- _What this task involves_:
From the records below, copy out exactly the lines from the one containing "Chinese President Hu" to the one containing "A card is selected", both included. Add nothing else.

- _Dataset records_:
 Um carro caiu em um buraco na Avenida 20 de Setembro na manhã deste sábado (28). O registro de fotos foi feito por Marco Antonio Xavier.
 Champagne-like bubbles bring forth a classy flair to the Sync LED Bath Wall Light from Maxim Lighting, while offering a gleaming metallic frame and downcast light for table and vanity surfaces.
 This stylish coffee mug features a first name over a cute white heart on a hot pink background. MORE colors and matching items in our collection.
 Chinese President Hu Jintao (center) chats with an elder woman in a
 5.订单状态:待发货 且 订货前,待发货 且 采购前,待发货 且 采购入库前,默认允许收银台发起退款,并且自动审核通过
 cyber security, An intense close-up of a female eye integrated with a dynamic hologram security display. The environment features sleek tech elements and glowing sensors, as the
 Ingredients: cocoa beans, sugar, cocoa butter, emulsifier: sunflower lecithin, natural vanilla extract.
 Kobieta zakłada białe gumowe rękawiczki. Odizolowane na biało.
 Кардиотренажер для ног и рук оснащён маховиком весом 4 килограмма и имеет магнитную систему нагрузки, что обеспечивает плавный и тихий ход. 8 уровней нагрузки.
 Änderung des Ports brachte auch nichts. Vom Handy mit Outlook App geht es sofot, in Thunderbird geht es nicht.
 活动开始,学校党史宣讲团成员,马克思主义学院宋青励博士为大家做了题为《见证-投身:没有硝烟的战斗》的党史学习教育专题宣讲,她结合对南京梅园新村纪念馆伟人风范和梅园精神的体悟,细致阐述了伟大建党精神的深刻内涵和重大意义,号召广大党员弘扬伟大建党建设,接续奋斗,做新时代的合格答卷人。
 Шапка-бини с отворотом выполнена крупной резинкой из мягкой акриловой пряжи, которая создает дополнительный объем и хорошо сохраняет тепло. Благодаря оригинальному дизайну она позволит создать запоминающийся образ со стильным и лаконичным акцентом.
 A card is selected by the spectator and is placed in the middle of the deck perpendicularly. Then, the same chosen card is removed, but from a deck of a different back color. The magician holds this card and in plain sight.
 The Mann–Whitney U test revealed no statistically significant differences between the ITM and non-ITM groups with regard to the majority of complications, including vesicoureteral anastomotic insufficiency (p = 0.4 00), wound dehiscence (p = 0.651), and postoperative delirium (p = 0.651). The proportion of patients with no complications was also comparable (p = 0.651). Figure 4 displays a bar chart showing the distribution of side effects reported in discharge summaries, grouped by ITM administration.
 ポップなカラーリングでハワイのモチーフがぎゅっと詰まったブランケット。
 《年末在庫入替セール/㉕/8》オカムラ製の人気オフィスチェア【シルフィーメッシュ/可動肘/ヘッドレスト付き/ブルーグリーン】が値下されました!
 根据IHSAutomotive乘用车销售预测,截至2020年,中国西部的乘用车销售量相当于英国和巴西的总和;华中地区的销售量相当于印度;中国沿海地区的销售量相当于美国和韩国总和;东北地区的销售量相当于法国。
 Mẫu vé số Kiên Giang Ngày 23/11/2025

- _Output of the exercise_:
 Chinese President Hu Jintao (center) chats with an elder woman in a
 5.订单状态:待发货 且 订货前,待发货 且 采购前,待发货 且 采购入库前,默认允许收银台发起退款,并且自动审核通过
 cyber security, An intense close-up of a female eye integrated with a dynamic hologram security display. The environment features sleek tech elements and glowing sensors, as the
 Ingredients: cocoa beans, sugar, cocoa butter, emulsifier: sunflower lecithin, natural vanilla extract.
 Kobieta zakłada białe gumowe rękawiczki. Odizolowane na biało.
 Кардиотренажер для ног и рук оснащён маховиком весом 4 килограмма и имеет магнитную систему нагрузки, что обеспечивает плавный и тихий ход. 8 уровней нагрузки.
 Änderung des Ports brachte auch nichts. Vom Handy mit Outlook App geht es sofot, in Thunderbird geht es nicht.
 活动开始,学校党史宣讲团成员,马克思主义学院宋青励博士为大家做了题为《见证-投身:没有硝烟的战斗》的党史学习教育专题宣讲,她结合对南京梅园新村纪念馆伟人风范和梅园精神的体悟,细致阐述了伟大建党精神的深刻内涵和重大意义,号召广大党员弘扬伟大建党建设,接续奋斗,做新时代的合格答卷人。
 Шапка-бини с отворотом выполнена крупной резинкой из мягкой акриловой пряжи, которая создает дополнительный объем и хорошо сохраняет тепло. Благодаря оригинальному дизайну она позволит создать запоминающийся образ со стильным и лаконичным акцентом.
 A card is selected by the spectator and is placed in the middle of the deck perpendicularly. Then, the same chosen card is removed, but from a deck of a different back color. The magician holds this card and in plain sight.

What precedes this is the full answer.